Election ads fail to woo non-voters

An Electoral Commission advertising campaign aimed at encouraging people to vote in the General Election failed to attract voters to the ballot box, according to research.

An Electoral Commission advertising campaign aimed at encouraging people to vote in the General Election failed to attract voters to the ballot box, according to research.

The “Don’t Do Politics” campaign, which features animated characters Tom and Mike, was first aired during the run-up to the 2004 European election and was widely credited with helping to increase turnout from 24 per cent to 39 per cent.

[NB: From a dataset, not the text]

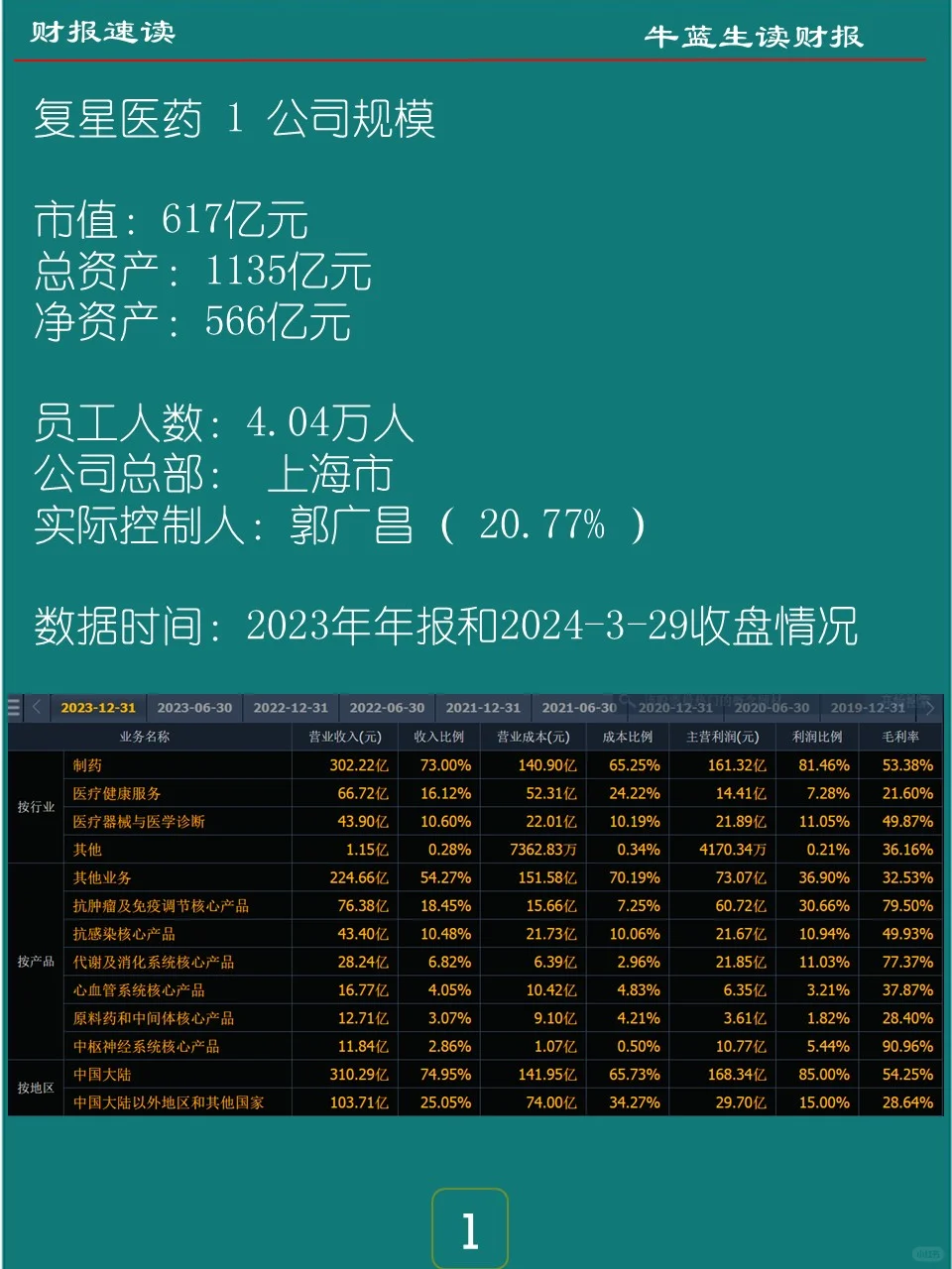 上海复星医药(集团)股份有限公司主营业务是制药、医疗器械、医学诊断、医疗健康服务。主要产品为心血管系统疾病治疗领域核心产品、中枢神经系统疾病治疗领域核心产品、血液系统疾病治疗领域核心产品、代谢及消化系统疾病治疗领域核心产品、抗感染疾病治疗领域核心产品、抗肿瘤治疗领域核心产品、原料药和中间体核心产品。

But the commission’s research, carried out by Ipsos, shows that, though awareness levels for the ads were over 75 per cent and 88 per cent of people understood the message that it was important to vote, just 43 per cent of people who saw them “decided to vote” because of them.

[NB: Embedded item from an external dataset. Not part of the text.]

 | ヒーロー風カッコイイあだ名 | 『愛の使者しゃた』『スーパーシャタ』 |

The campaign was then reprised during the General Election earlier this year in a &£4m push that aimed to show that most issues – from high petrol prices to pub opening hours – have a political root. The ads, created by St Luke’s, featured the strapline: “If you don’t do politics, there’s not much you do do”.

Statistics show that just 61 per cent of the population voted in this year’s election, an increase of only two per cent over the record low turnout in 2001.

The Electoral Commission says that the Ipsos research shows “that the campaign was received very positively”.